YOUR OBJECTIVE
Below is a listing to write out in full, exactly as given, without its pictures.

AVAILABLE DATA
::::::::::

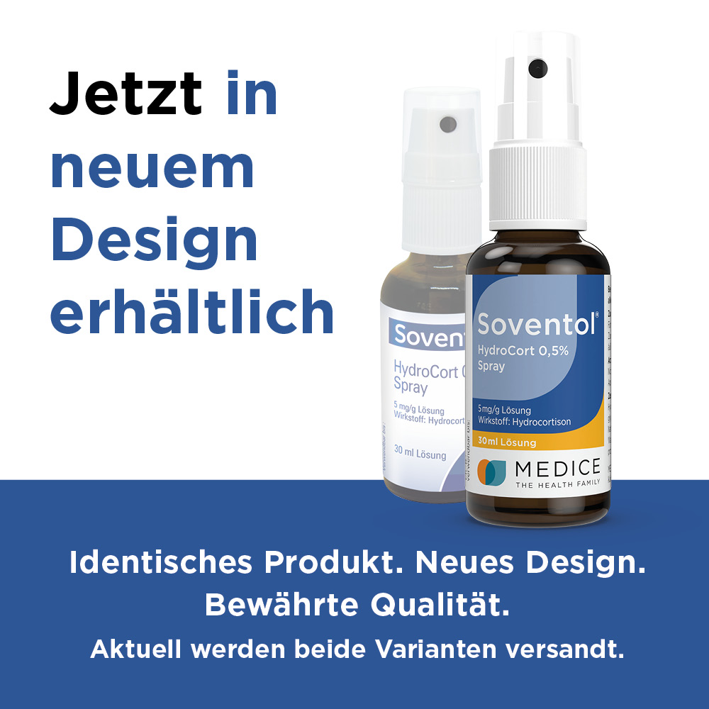 Soventol® HydroCort 0,5% Spray 5 mg/g Lösung. Anwend.: Zur Linder. v. nicht infiz. leichten entzündl., allerg. o. juck. Hauterkr., d. auf eine symptom. Behandl. m. schwach wirks. Glucocorticosteroiden ansprechen. Eignet sich vorzugsweise zur Anwend. auf normaler od. fettiger Haut. Warnhinweis: Enthält Propylenglycol. Zu Risiken und Nebenwirkungen lesen Sie die Packungsbeilage und fragen Sie Ihren Arzt oder Apotheker; 07/2017.
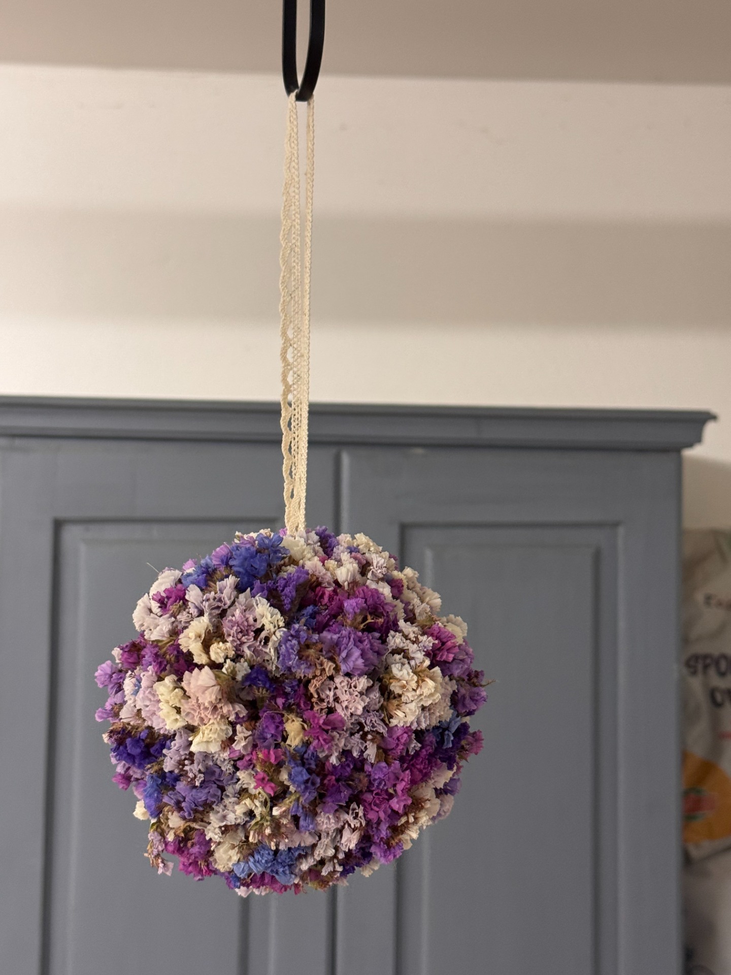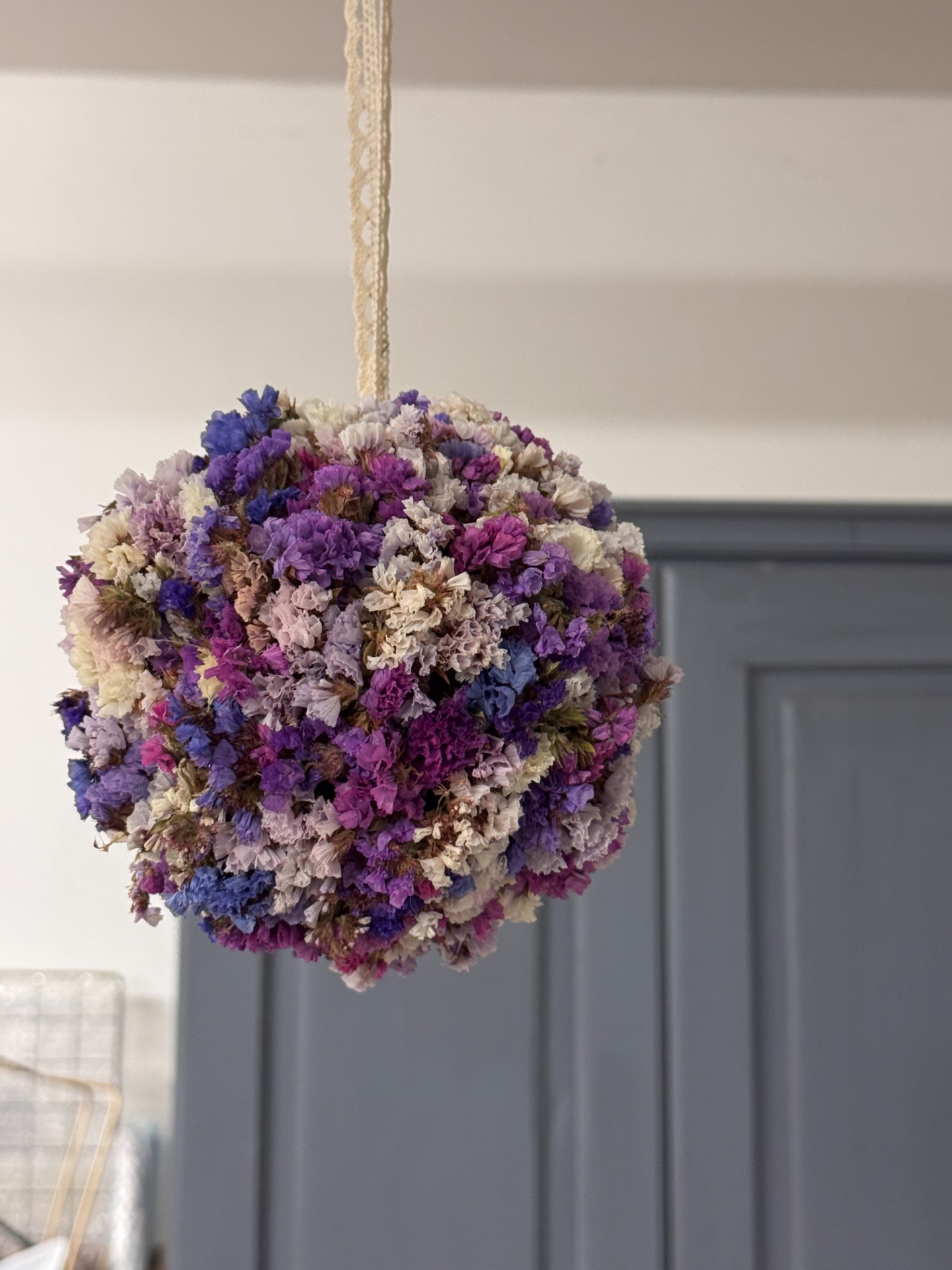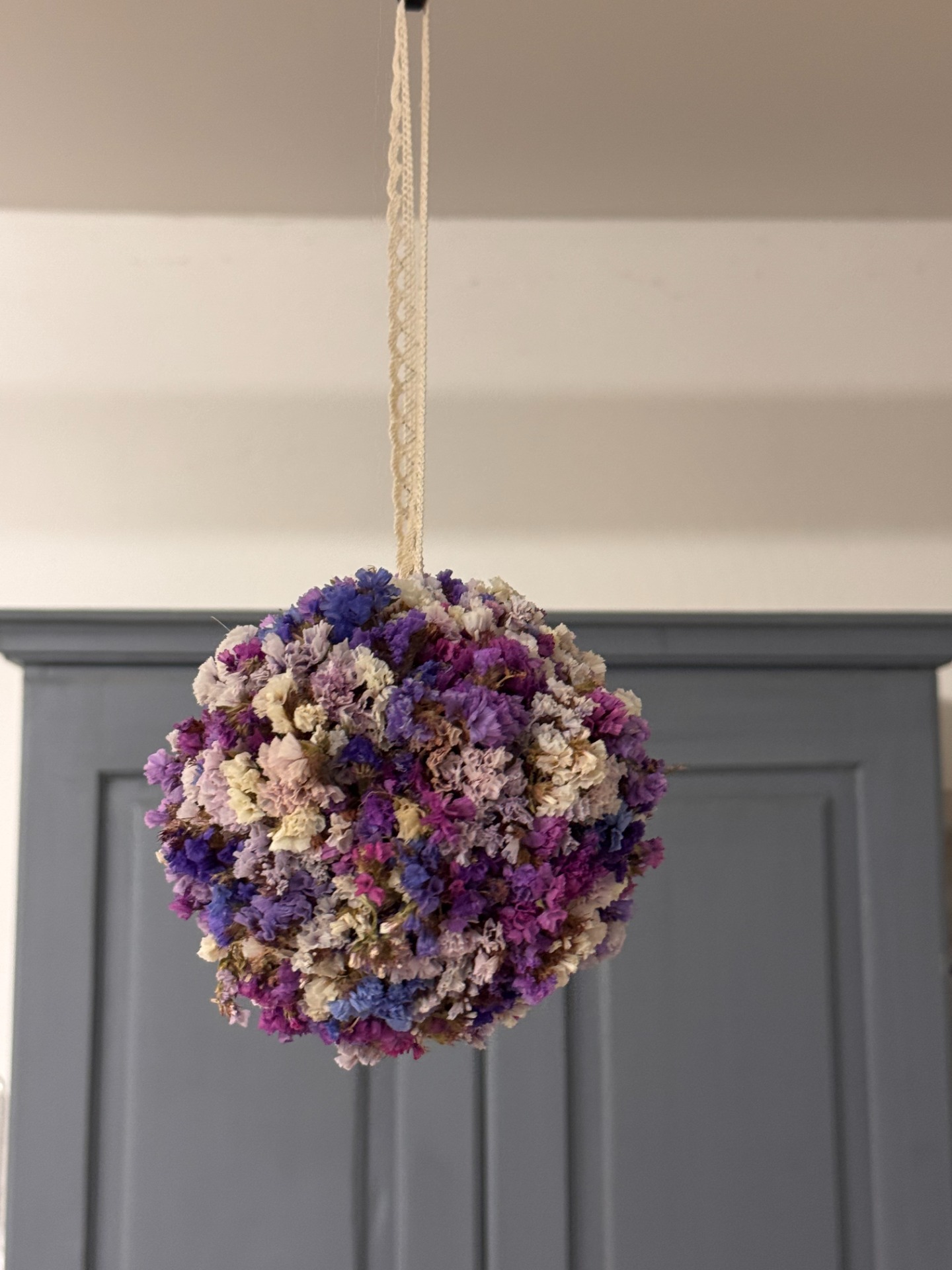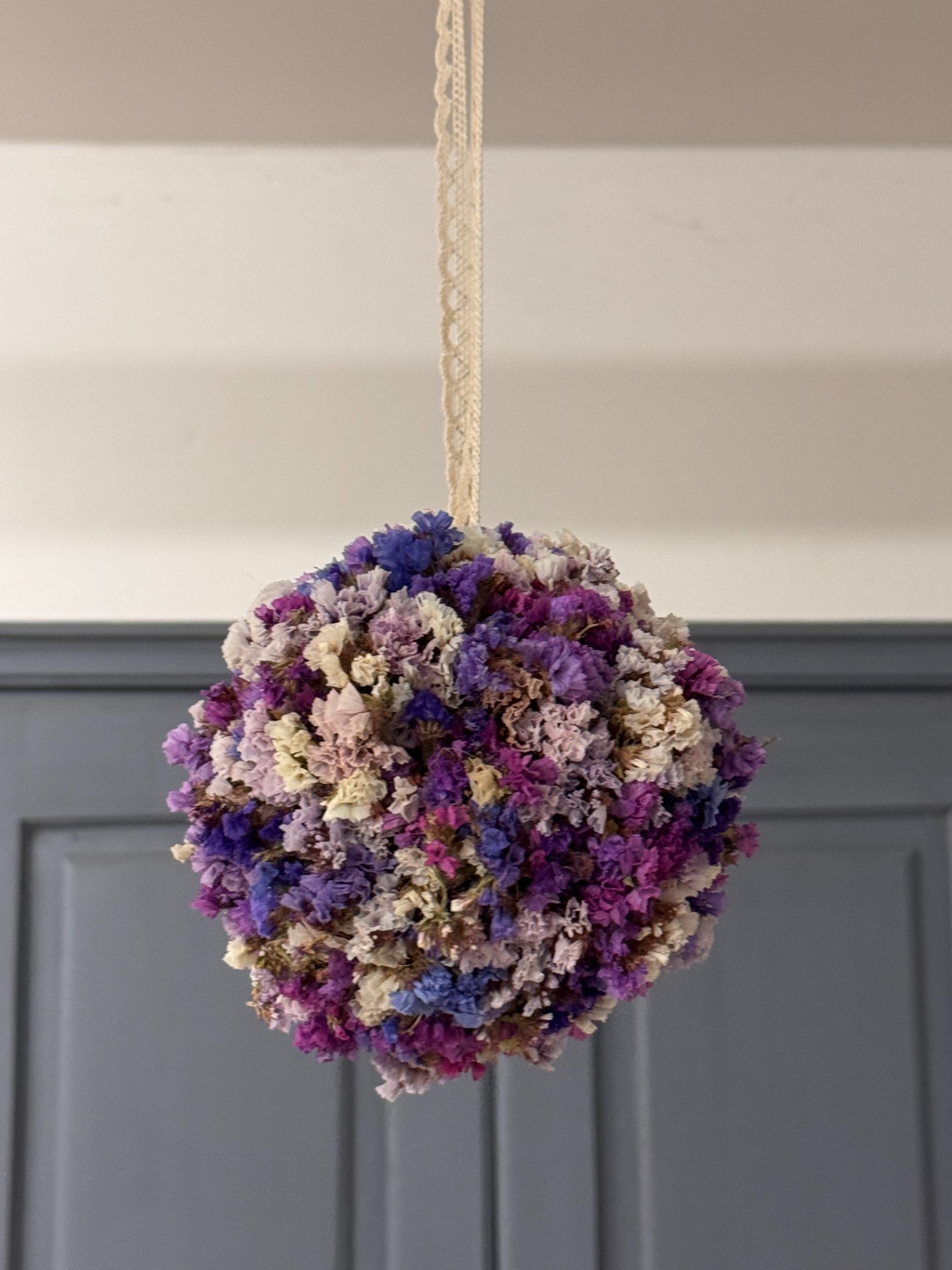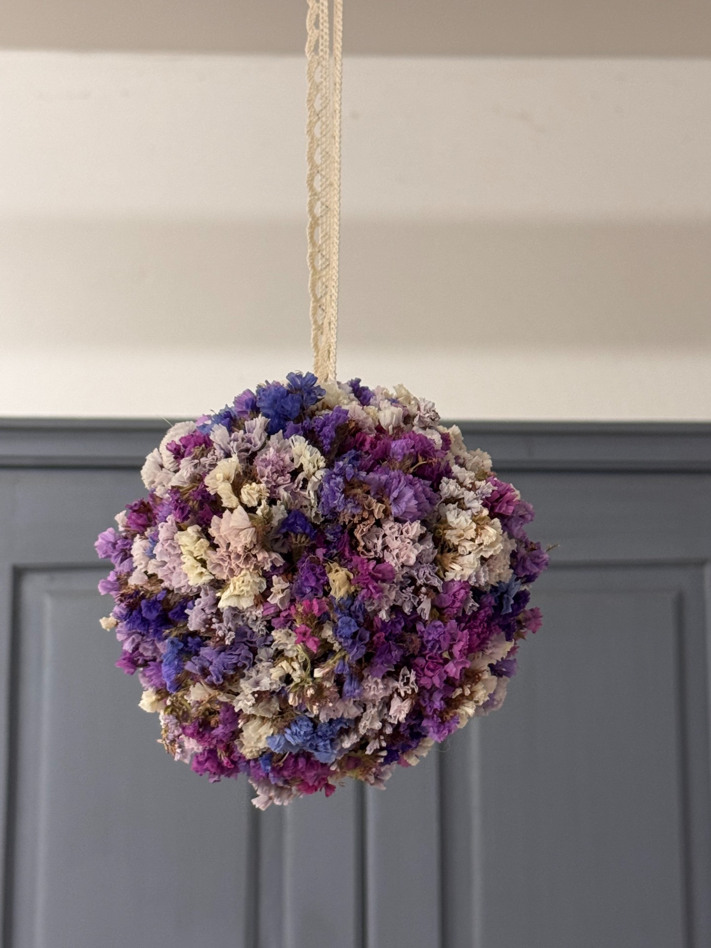 Květinová koule ze sušené statice v odstínech fialové, růžové a krémové. Působí romanticky a klidně, jako dotek levandulového pole plného slunce a vůně. Vhodná k zavěšení do interiéru nebo pergoly.
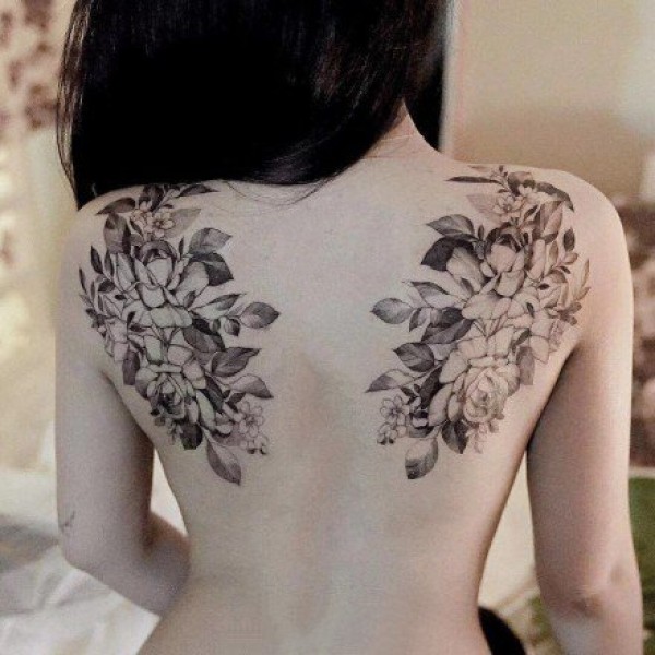 后肩唯美花藤英文图案图片_植物纹身图案大全_纹身图吧
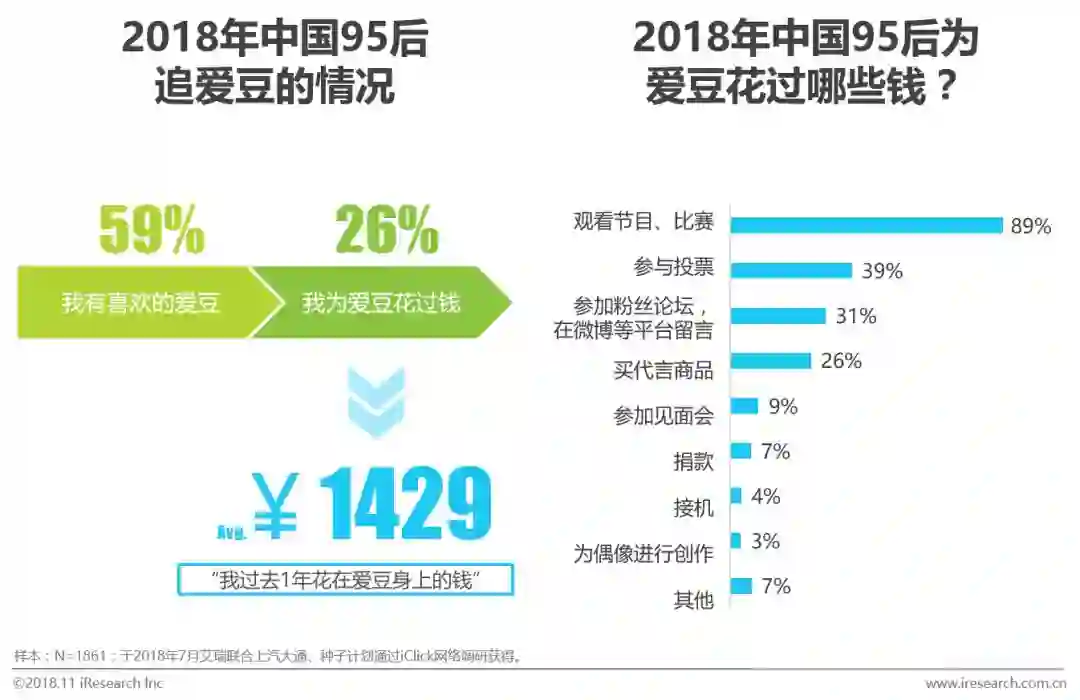 59%的95后都有自己喜欢的爱豆;26%的95后给爱豆花过钱,平均一年1429元。

::::::::::

EXERCISE SOLUTION
 Soventol® HydroCort 0,5% Spray 5 mg/g Lösung. Anwend.: Zur Linder. v. nicht infiz. leichten entzündl., allerg. o. juck. Hauterkr., d. auf eine symptom. Behandl. m. schwach wirks. Glucocorticosteroiden ansprechen. Eignet sich vorzugsweise zur Anwend. auf normaler od. fettiger Haut. Warnhinweis: Enthält Propylenglycol. Zu Risiken und Nebenwirkungen lesen Sie die Packungsbeilage und fragen Sie Ihren Arzt oder Apotheker; 07/2017.
 Květinová koule ze sušené statice v odstínech fialové, růžové a krémové. Působí romanticky a klidně, jako dotek levandulového pole plného slunce a vůně. Vhodná k zavěšení do interiéru nebo pergoly.
 后肩唯美花藤英文图案图片_植物纹身图案大全_纹身图吧
 59%的95后都有自己喜欢的爱豆;26%的95后给爱豆花过钱,平均一年1429元。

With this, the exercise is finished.